Before leaving, Jack affixed to the “navigation-desk,” in the pilot house, an “aërial map” of the route. This was a map on which various landmarks, easily discernible from a height, were noted down, and it was issued by the Aëronautical Society of America. Maps such as these are of the utmost use to airmen who naturally would find little to guide them in an ordinary map or chart. Marked in red ink on the aërial map were various arrows showing the probable direction of the wind in crossing various bits of high ground or in passing over cities.
The air is by no means, as might be imagined, a smooth road to travel. It is full of “billows,” aërial “cliffs” caused by up-drafts, and vast, empty pockets wherein nothing but a vacuum exists, and which many airmen claim are the greatest source of danger to aviators that the atmosphere contains.
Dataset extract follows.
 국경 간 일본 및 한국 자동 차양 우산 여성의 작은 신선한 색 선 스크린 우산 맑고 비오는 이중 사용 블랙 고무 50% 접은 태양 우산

As there was nothing to cause delay, the Electric Monarch’s motors were started spinning almost as soon as it was broad daylight. Everything proved to be in perfect order, and after the tuning-up process the boys took their stations on the craft. As before, Joyce had the bow lookout and Ned Nevins alternated between the pilot house and the motor-platform.
Professor Chadwick and Jupe waved them farewell as they shot upward, and before very long the village of Nestorville and High Towers lay far behind them. Jack sent the Electric Monarch straight up on an inclined aërial staircase till she had gained the height of five thousand feet. At this altitude they proceeded steadily along, the height being sufficient to avoid any danger from upward thrusting air currents.
The morning passed uneventfully, and shortly before noon Heiny Dill announced that lunch was ready. They took this in relays, Ned relieving Jack at the wheel while the young skipper ate. They passed over several towns and small villages, and through the glasses they could plainly see the flurry they were causing down below. It amused them to watch the scurrying atoms which they knew were human beings rushing about and pointing upward as the Electric Monarch passed high above their heads.
Not long after lunch, as they were passing over what seemed to be a large farm, they saw several men running along below them. Suddenly one elevated and aimed a gun at the fast flying craft. Of course the Electric Monarch was far too high for the charge to reach her, but the boys could see the puff of smoke that accompanied the discharge, and knew that if they had been lower they would have felt shot pattering about them.
“That’s a specimen of what Atwood, the trans-continental flier, had to contend against,” said Jack. “The more ignorant people are, the more they dislike to see modern inventions. I’ll bet if that fellow with the gun could have hit us he would.”
“His intentions seemed serious, anyhow,” laughed Ned, “but the Electric Monarch is a hard bird to bring down.”
About an hour later Jack decided to drop down closer to the earth. He wished to test the effect of the currents near to the heated surface on the Electric Monarch. Accordingly the craft was brought down till at times she was rushing along at not more than two or three hundred feet from the earth.